Wahine's Harbor Voyage
A Brief Yet Notable Sail
June 13, 2011

U
sually stories in TownDock’s Shipping News are of visiting boats from far away. Often the boats and crews that draw in a TownDock writer have a certain salty, crusty edge.

But not always.

It was a breezy Sunday evening in Oriental. The TownDock crew was visiting some friends on their new boat, a trawler, tied up on Oriental Harbor Marina’s “A” dock. There was a beautiful view of the waves on the harbor and channel entrance, and the Sunday evening small-boat shrimping fleet was out seeking their catch.

That’s when a blue-hulled sailboat appeared. It sailed in the channel, and then at red marker #8, turned towards the inner harbor, still under under full sail.

“Wahine” sailing towards the harbor.

We expected to see sails drop as the boat, “Wahine” entered the harbor near the anchored boats, but it didn’t. She sailed on, past the breakwater, past the red-hulled trawler at Point Pride and its roofless building. On and on she went, her hull disappearing from sight and seeming to go deep in to the harbor near Oriental Marina’s fuel dock. The top of the mast was all that could be seen from this writer’s vantage point.

Then it turned on a dime and emerged from the inner harbor, again under full sail. But that was not its only foray of the night past the anchorage.

Back out of the harbor…
Preparing to tack
A short tack underway
The impressive upwind sail continues

Wahine (we learned afterwards), is sailed by Rick Scott out of Whittaker Creek. She’s a C&C 36. Rick tells us that “C&C made lots of 35’s,” Rick says, but “not quite as many 36s”. The 36 is known a bit more as a cruiser than the 35, but “Wahine” has the 6’ draft fin keel, tall rig and Rick adds – “sails wonderfully.”

Rick says he lives on the boat when he’s in Oriental, on breaks from his work in emergency response and preparedness.

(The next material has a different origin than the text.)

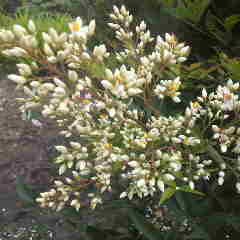 ナンテンの花です、難を転ずるとして庭木として植えられます、葉や実は縁起物として使われます。冬に赤い実を見ることはあるでしょうが花は今咲きます。 梅雨の今庭木に花が咲くのが少ないから南天の花に出逢うと心和みますね。 細田倖市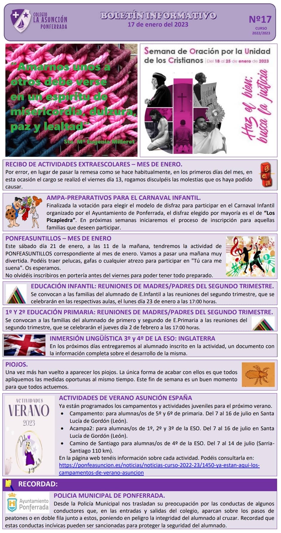 Inicio Noticias Boletín Informativo Boletín informativo del 17 de enero del 2023

He says he just decided to go out for a sail with some friends — Ron and Melissa Medlin and Alize Proisy.

The crew of “Wahine” showing how it’s done.

The C&C showed off both upwind performance and the ability to quickly do a 180° turn.

Wahine and crew next sailed towards the bridge, in a manner that seemed like they were going to go under the bridge. Except Wahine’s mast didn’t look like the right height for the laws of physics to allow that.
Maybe a hundred feet from the bridge entrance, “Wahine” came about.
…and then out back through the harbor, navigating through the small boat shrimping fleet.

Wahine and crew then came right back in the inner harbor, and “rinsed and repeated” the same course two more times. And then they made they way back to the channel and towards her home, on Whittaker Creek.

Wahine finishing up her harbor maneuvers.
Back out the channel, heading home to Whittaker Creek.

These are maneuvers not all of us would be comfortable making on a 36 ft boat (20 ft boats sailing into the inner harbor are less of a rare sight). Rick may get some criticism of his Sunday evening sail for being too daring. He did show some impressive sailing off – he walked the walk.

(Earlier this year, back in the cold, bracing days of January, Rick Scott made another memorable trip into Oriental’s harbor, breaking thru the icy crust with his kayak. )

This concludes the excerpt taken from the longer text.